### Work instruction
The answer must be an exact copy of the lines from the top of the listing below through the line with "السعودية برقم (1/", with no pictures.

### Exercise data
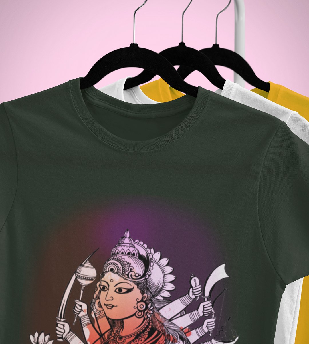 Durga maa idol printed unisex adults round neck cotton half-sleeve green tshirt specially for Navratri festival/ Durga puja
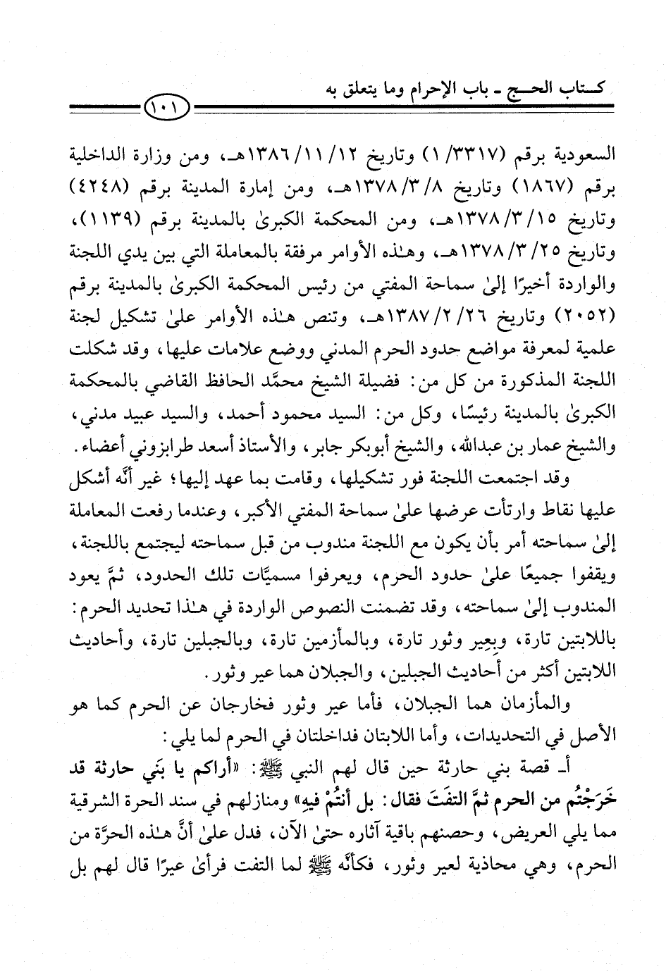السعودية برقم (1/ 3317) وتاريخ 12/ 11/ 1386 هـ، ومن وزارة الداخلية برقم (1867) وتاريخ 8/ 3/ 1378 هـ، ومن إمارة المدينة برقم (4248) وتاريخ 15/ 3/ 1378 هـ، ومن المحكمة الكبرى بالمدينة برقم (1139)، وتاريخ 25/ 3/ 1378 هـ، وهذه الأوامر مرفقة بالمعاملة التي بين يدي اللجنة والواردة أخيرًا إلى سماحة المفتي من رئيس المحكمة الكبرى بالمدينة برقم (2052) وتاريخ 26/ 2/ 1387 هـ، وتنص هذه الأوامر على تشكيل لجنة علمية لمعرفة مواضع حدود الحرم المدني ووضع علامات عليها، وقد شكلت اللجنة المذكورة من كل من: فضيلة الشيخ محمَّد الحافظ القاضي بالمحكمة الكبرى بالمدينة رئيسًا، وكل من: السيد محمود أحمد، والسيد عبيد مدني، والشيخ عمار بن عبد الله، والشيخ أبو بكر جابر، والأستاذ أسعد طرابزوني أعضاء.
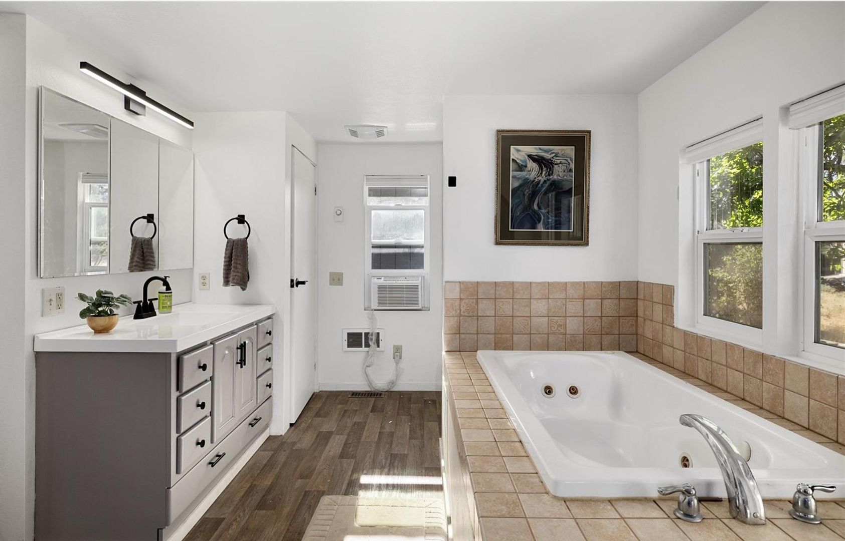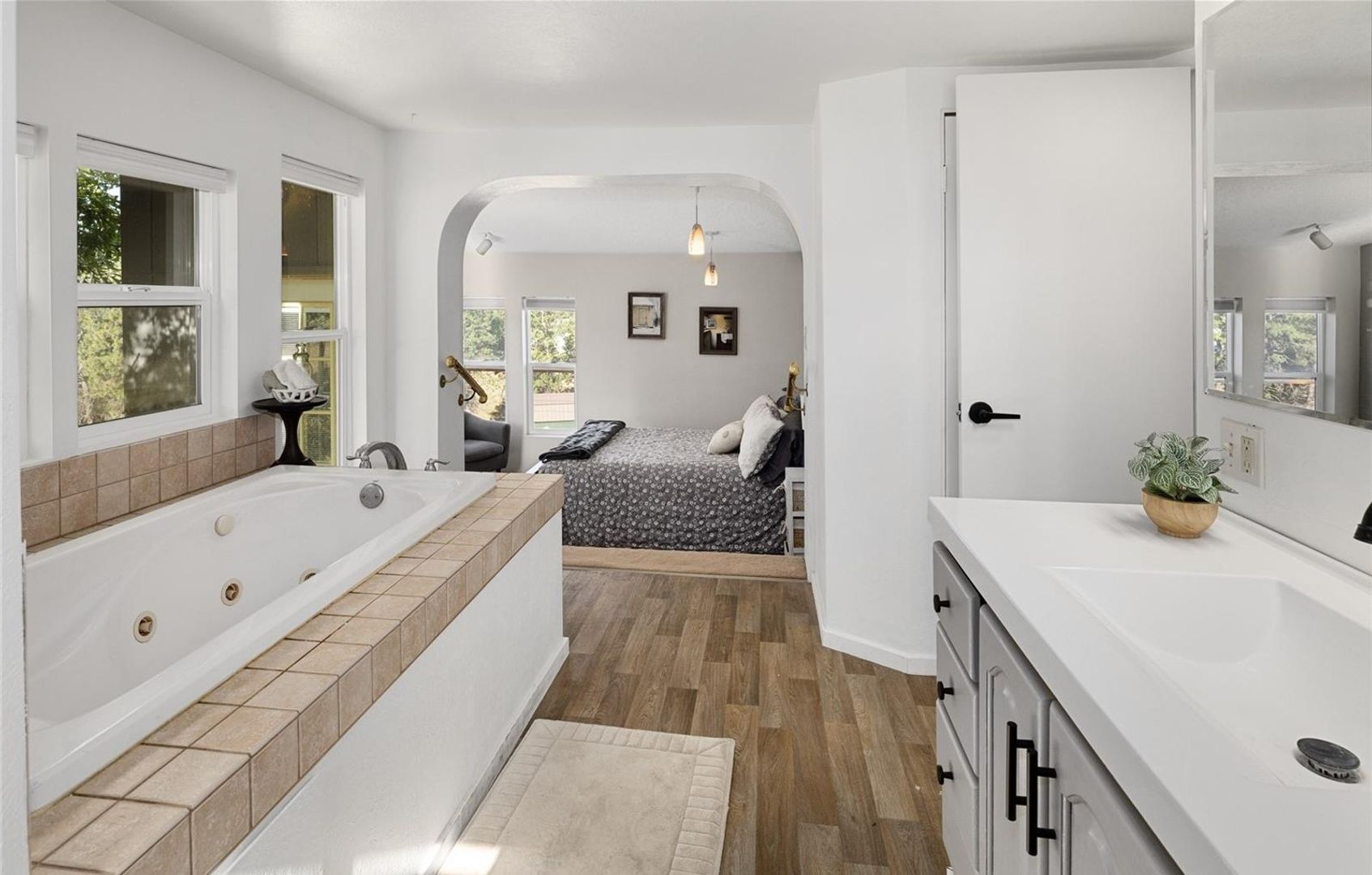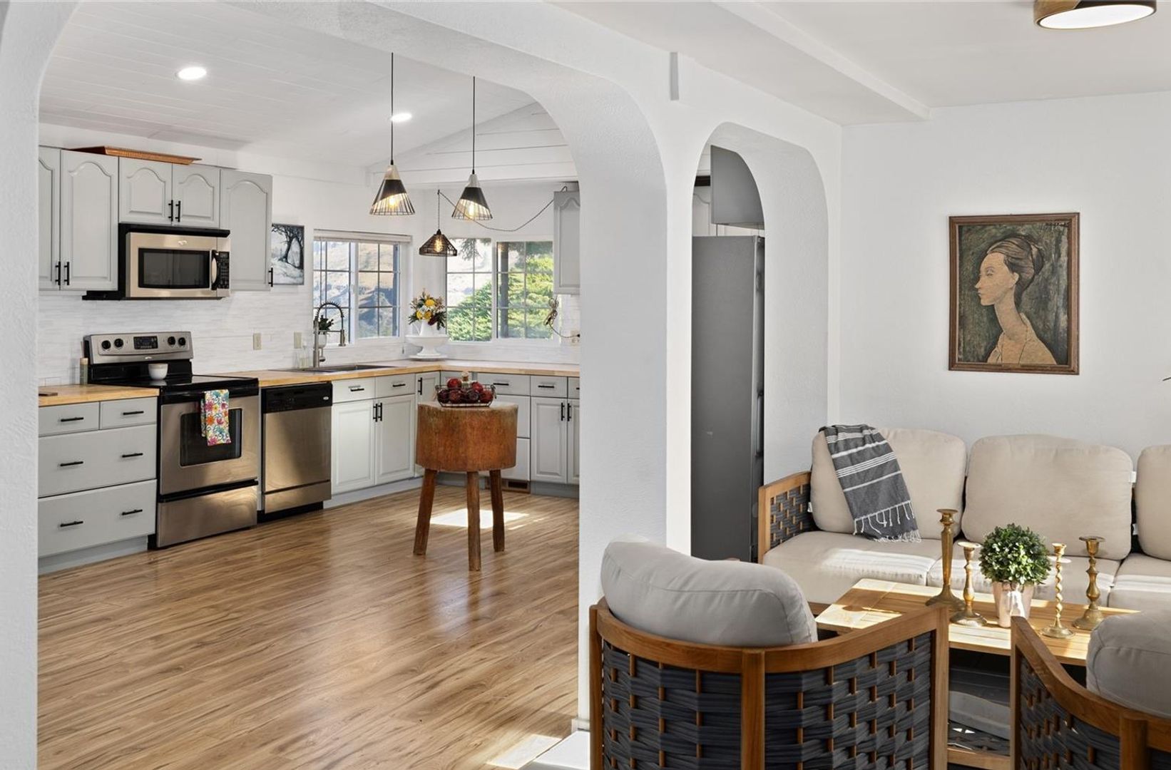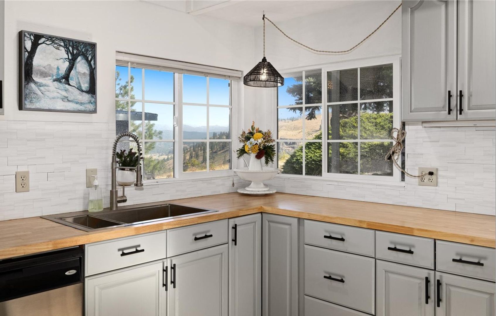 This 3-bedroom, 2-bath home in Sunlight Waters shines with a modern, chic vibe. Inside, the home blends modern style with warm, inviting spaces. The kitchen pours in natural light from oversized windows and features vaulted ceilings, fresh lighting, butcher-block counters, a comfortable lounging nook, and an open dining area. A charming loft bedroom adds personality, while the main living room’s fireplace creates the perfect retreat.
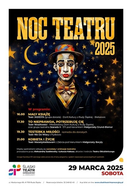 Śląski Teatr Impresaryjny im. Henryka Bisty w Rudzie Śląskiej zaprasza na 9. edycję Nocy Teatru, która odbędzie się 29 marca 2025 roku (sobota) o godz. 16:00. To coroczne wydarzenie jest okazją do świętowania Międzynarodowego Dnia Teatru, przypadającego na 27 marca.
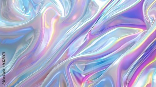 Fototapeta premium A smooth, iridescent surface with flowing patterns in pastel colors, creating...
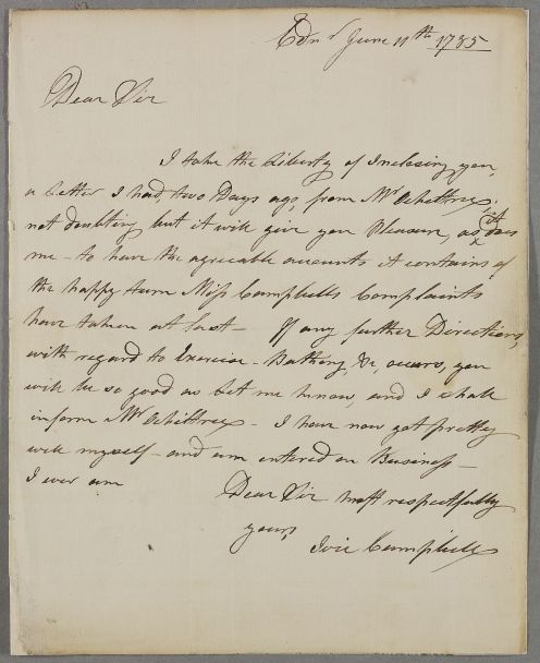 [ID:2633] From: Dr Ivie Campbell / To: Dr William Cullen (Professor Cullen) / Regarding: Miss Campbell (of Dunstaffnage) (Patient) / 11 June 1785 / (Incoming)
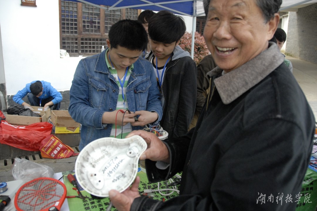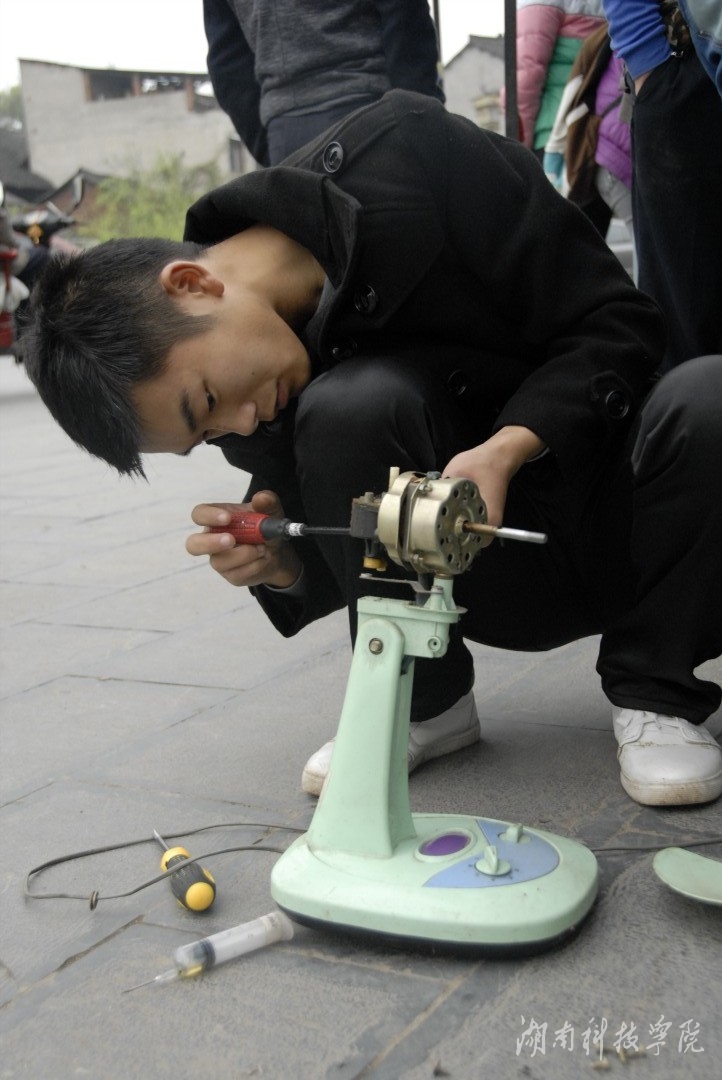 活动为期一整天,志愿者们一部分走进附近居民家中进行安全用电以及如何节能的宣传工作,让群众了解生活中的安全用电常识;一部分熟练地将台灯、电风扇、电吹风、玩具车等一一拆开,仔细检查故障原因。他们不辞辛苦地一边反复检查、反复测试和细心的拆卸和焊接,还一边耐心地向居民介绍损坏原因和保养方法。
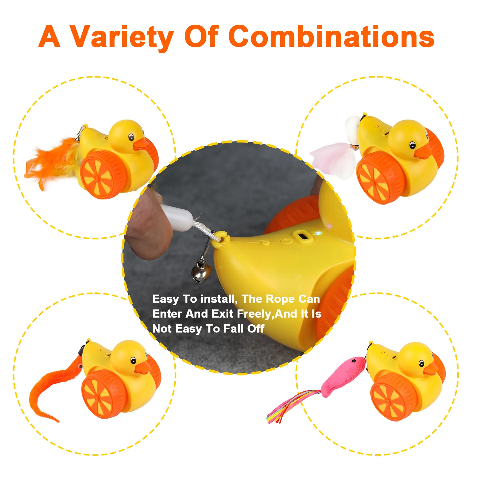 5、 The product has a hook design at the tail for easy replacement of toy accessories. The product is paired with feathers with bells and a
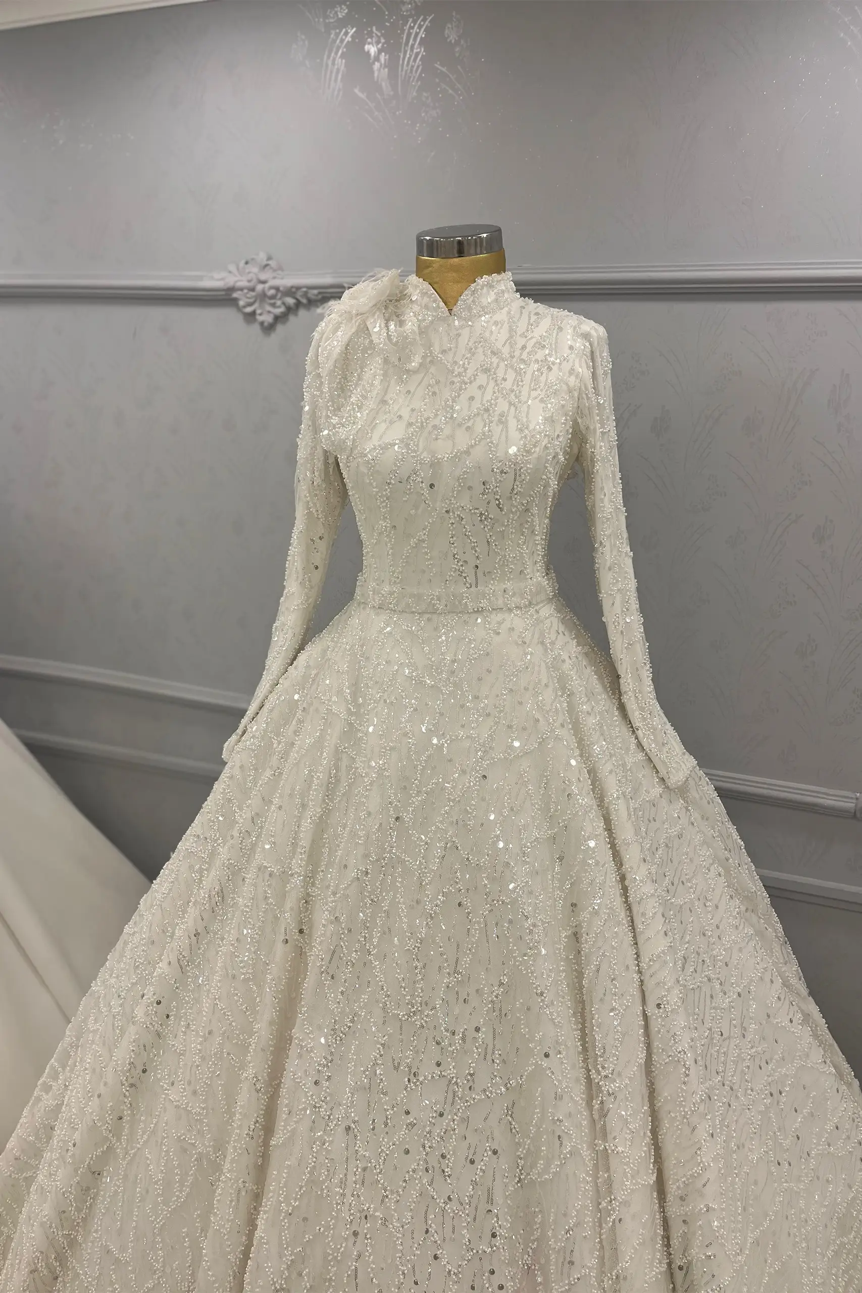 Boyun Detaylı Prenses Model Tesettür Gelinlik
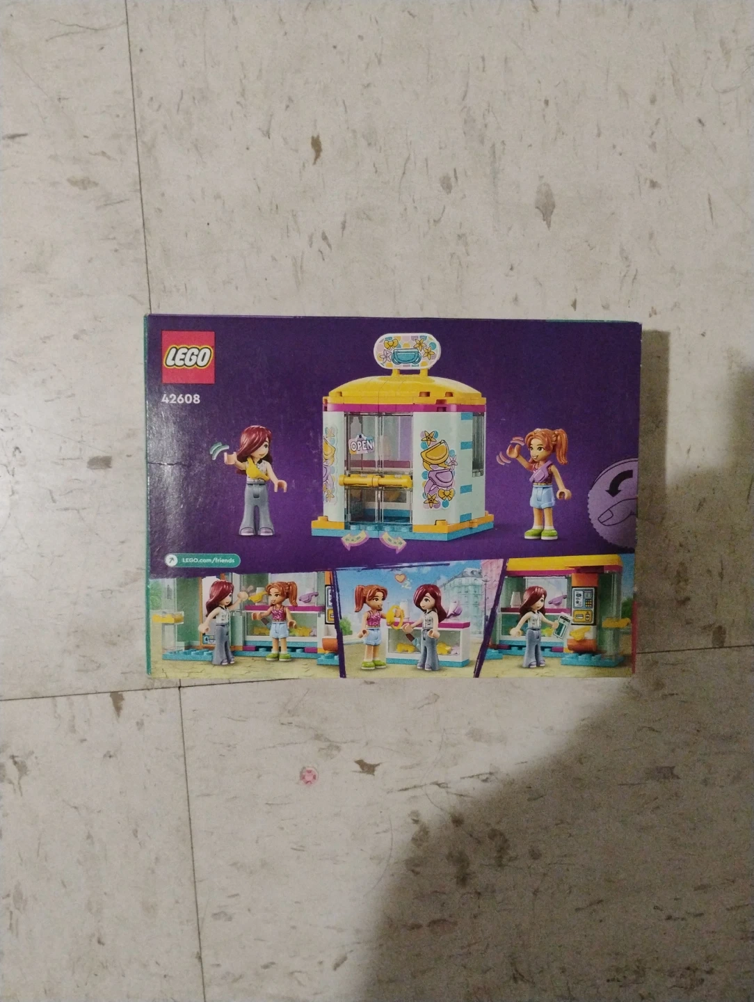 This is a LEGO Friends building set with 129 pieces. It's recommended for ages 6 and up. Includes two mini-doll figures, Paisley and Candi. A fun set for building a toy shop!
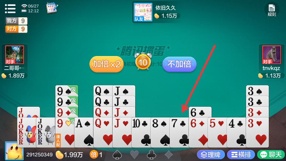 3、組隊(duì)?wèi)?zhàn)要跟隊(duì)友打暗號(hào),用腳趾頭想都知道對(duì)家藏了四個(gè)王。

### Response
 Durga maa idol printed unisex adults round neck cotton half-sleeve green tshirt specially for Navratri festival/ Durga puja
السعودية برقم (1/ 3317) وتاريخ 12/ 11/ 1386 هـ، ومن وزارة الداخلية برقم (1867) وتاريخ 8/ 3/ 1378 هـ، ومن إمارة المدينة برقم (4248) وتاريخ 15/ 3/ 1378 هـ، ومن المحكمة الكبرى بالمدينة برقم (1139)، وتاريخ 25/ 3/ 1378 هـ، وهذه الأوامر مرفقة بالمعاملة التي بين يدي اللجنة والواردة أخيرًا إلى سماحة المفتي من رئيس المحكمة الكبرى بالمدينة برقم (2052) وتاريخ 26/ 2/ 1387 هـ، وتنص هذه الأوامر على تشكيل لجنة علمية لمعرفة مواضع حدود الحرم المدني ووضع علامات عليها، وقد شكلت اللجنة المذكورة من كل من: فضيلة الشيخ محمَّد الحافظ القاضي بالمحكمة الكبرى بالمدينة رئيسًا، وكل من: السيد محمود أحمد، والسيد عبيد مدني، والشيخ عمار بن عبد الله، والشيخ أبو بكر جابر، والأستاذ أسعد طرابزوني أعضاء.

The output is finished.